BEGIN

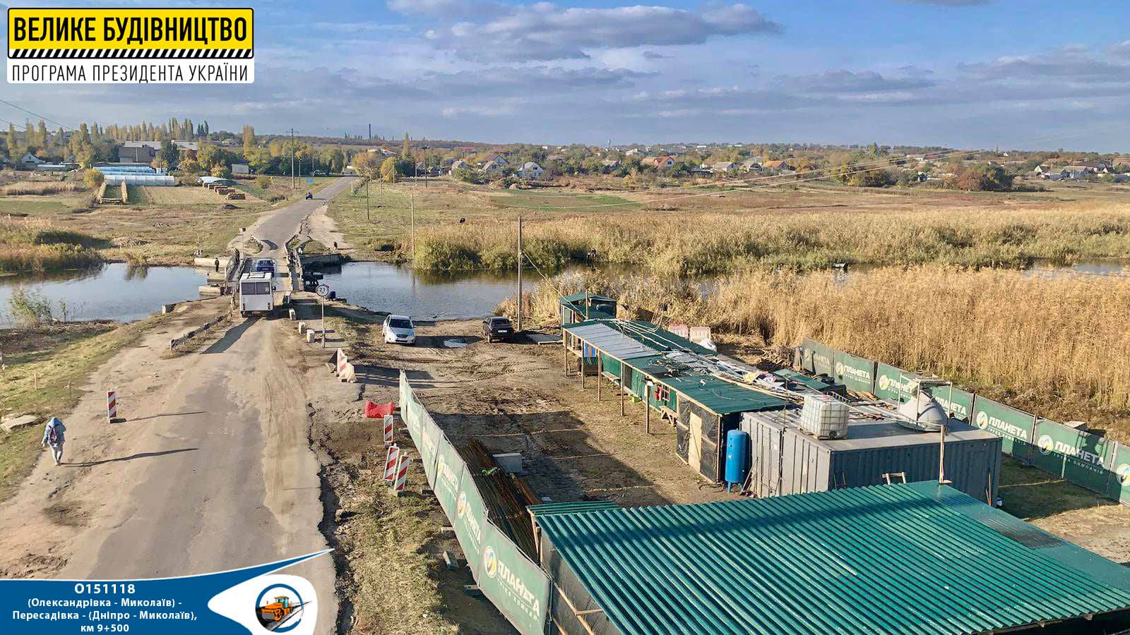 На участке автомобильной дороги общего пользования местного значения О151118 (Александровка-Николаев)-Пересадовка-(Днепр-Николаев), км 9 + 500 начат комплекс подготовительных работ в рамках строительства нового моста на месте многострадальной понтонной переправы.
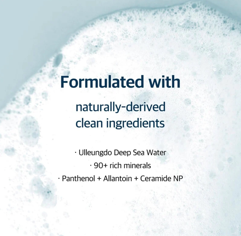 This pH balancing, slightly acidic formula contains 74 kinds of natural minerals from the deep sea island waters of Ulleung-do to prevent dryness and retain moisture in the skin. The fine, plush bubbles effectively foam to gently cleanse even the most sensitive of skin types.
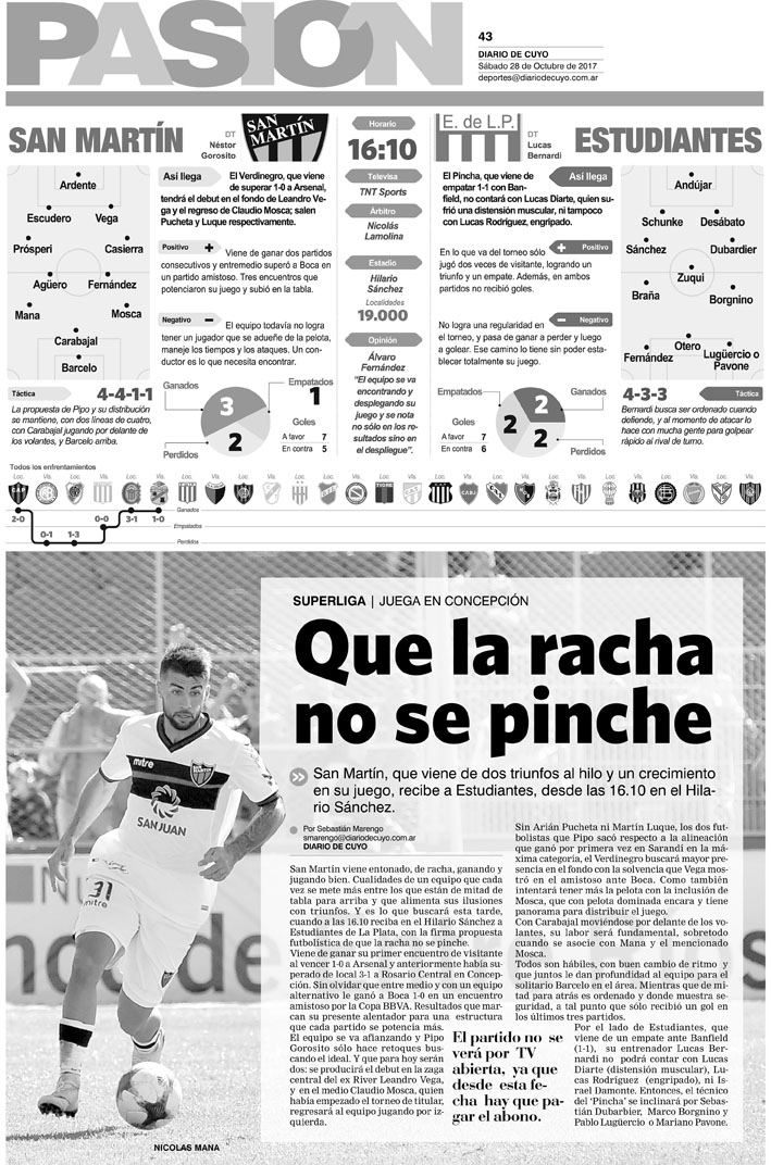 Diario de Cuyo | HOME | Noticias | Tapa Pasión Tapa Pasión 28 de Octubre de 2017 Por Redacción Diario de Cuyo 27/10/2017 · 0:00 Escuchar la noticia Escuchar la noticia Your browser doesn’t support HTML5 audio Tapa Pasión Ver los comentarios ›
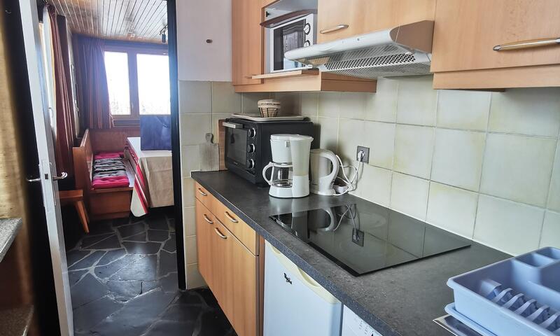 Appartement spacieux avec accès direct à la galerie commerciale de Plagne Centre. Avec balcon exposition Ouest et vue sur les pistes, il se compose d'un grand séjour avec 1 lit gigogne pour 2 personnes, et un lit simpleTV écran plat.
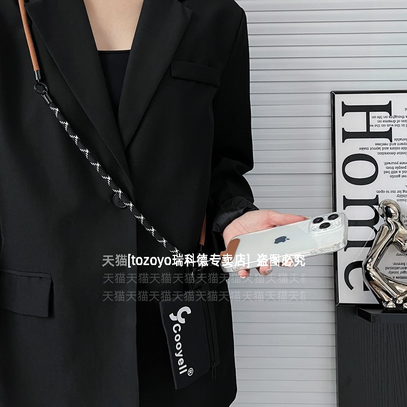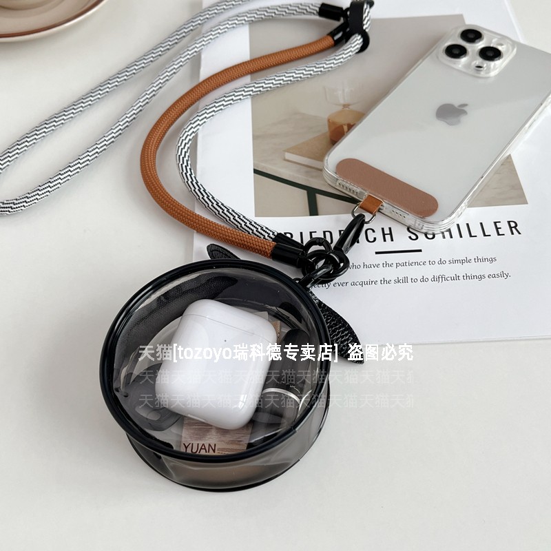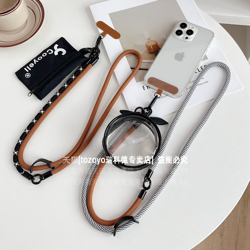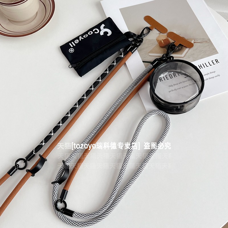 高级感黑棕色手机挂绳带小包旅行迷你收纳零钱包挂件带子挂脖斜挎可背高端防盗绳手腕链钥匙耳机口红女夹片壳

END

> _TASK REQUIREMENTS_:
Each line of the data above is to be output exactly; the pictures are not to appear.

> _REPLY_:
 На участке автомобильной дороги общего пользования местного значения О151118 (Александровка-Николаев)-Пересадовка-(Днепр-Николаев), км 9 + 500 начат комплекс подготовительных работ в рамках строительства нового моста на месте многострадальной понтонной переправы.
 This pH balancing, slightly acidic formula contains 74 kinds of natural minerals from the deep sea island waters of Ulleung-do to prevent dryness and retain moisture in the skin. The fine, plush bubbles effectively foam to gently cleanse even the most sensitive of skin types.
 Diario de Cuyo | HOME | Noticias | Tapa Pasión Tapa Pasión 28 de Octubre de 2017 Por Redacción Diario de Cuyo 27/10/2017 · 0:00 Escuchar la noticia Escuchar la noticia Your browser doesn’t support HTML5 audio Tapa Pasión Ver los comentarios ›
 Appartement spacieux avec accès direct à la galerie commerciale de Plagne Centre. Avec balcon exposition Ouest et vue sur les pistes, il se compose d'un grand séjour avec 1 lit gigogne pour 2 personnes, et un lit simpleTV écran plat.
 高级感黑棕色手机挂绳带小包旅行迷你收纳零钱包挂件带子挂脖斜挎可背高端防盗绳手腕链钥匙耳机口红女夹片壳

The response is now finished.